Video class teaches next generation of directors

May 17, 2011

By Tim Pfarr

Roll out the red carpet, hit the spotlights and flash the cameras, because students at Newcastle Elementary School have footage in the can.

Dylan Strode (center) takes charge as a videographer and Holly Rice (right) directs a scene while recreating Mo Williams’ book ‘Knuffle Bunny Too.’ By Tim Pfarr

Five years ago, the school launched its Video Production Club. It has since become one of the most popular groups on campus. More than 50 students applied for the 25 spots in the club this year to learn the basics of filmmaking, from storyboarding to completion.

The projects help the students work better in teams, learn how to tell stories in creative ways, acquire new skills and identify their own strengths within the medium, said MJ Keller, fourth-grade teacher and club leader.

The club is offered to fourth- and fifth-graders twice a year, with weekly meetings before school. Each session, students complete a film between five and 20 minutes long, and they use their final meeting to roll out a red carpet — literally — and screen their work for parents.

This spring’s session includes 16 students, who split into small groups to create films under the guidance of a teacher.

Past projects include fairy tale news, twisted fairy tales, Newcastle ABCs and music videos. This time around, students are recreating picture books on camera, with groups taking on “I Can Be Anything,” by Jerry Spinelli; “Knuffle Bunny Too,” by Mo Williams; and “Alexander and the Terrible, Horrible, No Good, Very Bad Day,” by Judith Viorst.

For each of the roughly 20 scenes that make up each project, the students in each group divide the duties of acting, filming, directing and props. After mapping out on paper what each scene will look like, the students take to the cameras, filming several scenes around the school during a given hourlong meeting.

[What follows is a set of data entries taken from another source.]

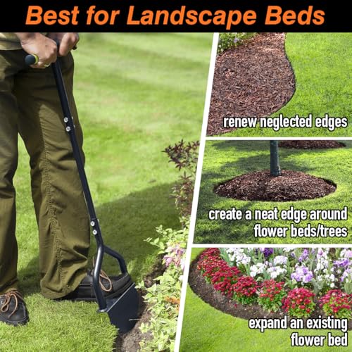 CLEAN EDGES TAKE YOUR LAWN TO THE NEXT LEVEL — this manual edger lawn tool works so great for edge-line creation and renovation of neglected edges. It creates natural edges of uniform depth where the lawn meets the landscape bed, such as creating a neat edger around your trees, expanding an existing flower bed, renewing neglected edges. Meanwhile, this half moon edger chopper lawn tool also helps deliver crisp edges along sidewalks, driveways or anywhere you want.
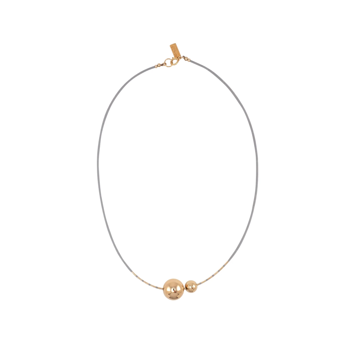 A strand of matte glass beads is symmetrically detailed with gold beads at its center and adorned with a pair of dissimilarly-sized free-moving orbs. Mimas is a fixed design necklace that is designed to pair with other pieces in this collection.
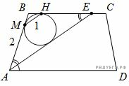 В трапеции ABCD AD || BC, AB = 2 и E — точка пересечения биссектрисы угла BAD и прямой BC. Окружность, вписанная в треугольник ABE, касается сторон AB и BE в точках M и H соответственно, MH = 1.
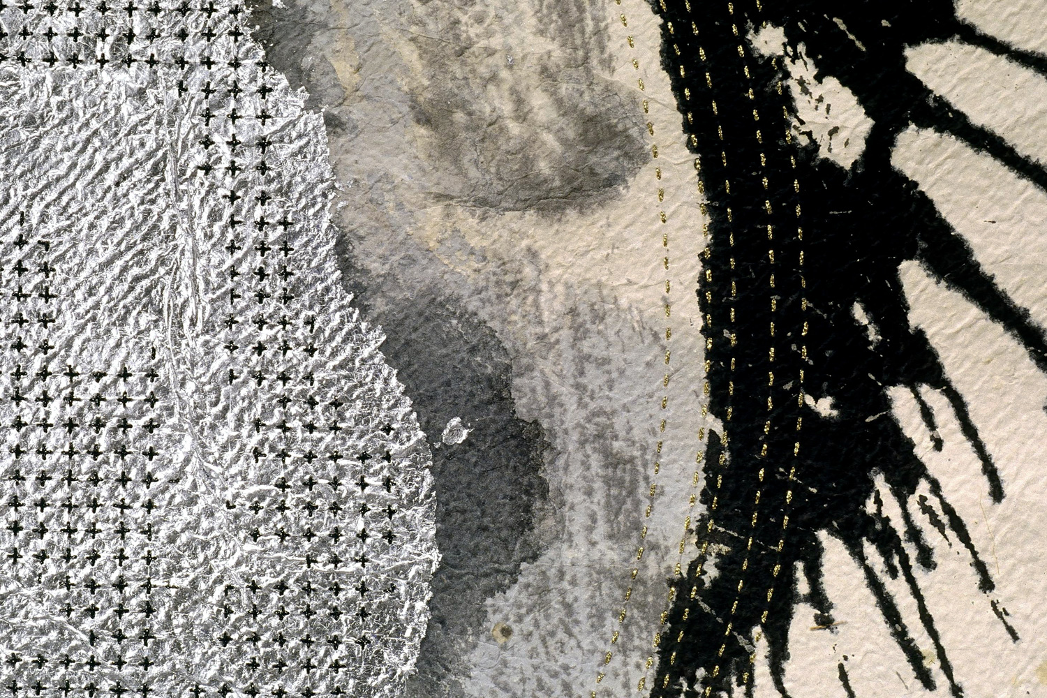 | Medium | abaca washi, acrylic, aluminum leaf, indigo pigment, Mixed media sashiko; sumi ink, thread |

“Some will flourish during this part, and some will flourish during the computer side of things,” Keller said.

While filming each scene, the director calls “quiet on the set” and then “action.” In accordance with typical filming technique, the students wait five seconds after starting the camera to begin acting, which helps in postproduction.

Among those who love the process of filming are fifth-grader Dylan Strode and fourth-grader Lili Galluzzo.

For Strode, in the club for his second year, the most fun is in using the equipment and going on camera.

“At home, I don’t get to, because we don’t have this stuff,” he said. “I like acting. Filming and acting is way easier that it seems.”

Galluzzo said she loves working the camera, as well as the bloopers of acting.

“I like acting out the stuff because of how funny the stuff can be,” she said. “Sometimes you start laughing, and you just can’t stop.”

Others enjoy the creative outlet of building props. Fourth-grader Jana Merca brings her scrap-booking skills to the club.

“I get to make really fun props,” she said.

Her creations — such as top hats and snowballs — have been used in numerous scenes in her group’s recreation of “I Can Be Anything.”

It usually requires a few takes to get the dialogue down and the scene just right. Then, it’s off to the editing station — the computer at the front of the classroom.

Students use the program Vegas Movie Studio to string their projects together and add the finishing touches.

Keller, along with fellow teachers Kelly Goddard, Mariel Hanna and Mary Simonsen, lead the club, offering help and advice when the students need it, but otherwise staying out of the way.

“My first year, I had never filmed or edited anything,” Goddard said with a laugh. She is now in her fifth year leading the club. “I’ve learned a lot about technology.”

She said the students are incredibly quick to learn the editing software, often leaving the teachers in the dust.

“When it comes to the editing, they outpace us,” she said.

The day of the red carpet premier, parents and school staff visit Keller’s room to view the final product, and then the videos are screened at lunch for the entire school.

“The rest of the school loves watching them,” Keller said. “I think this is especially true for the third-graders, because that could be them next year.”

She said the videos typically turn out better than expected, although bloopers often prove to be the biggest hits.

“Sometimes, they are only funny to the kids,” Keller said. “Others hit the funny bone of the adults, too.”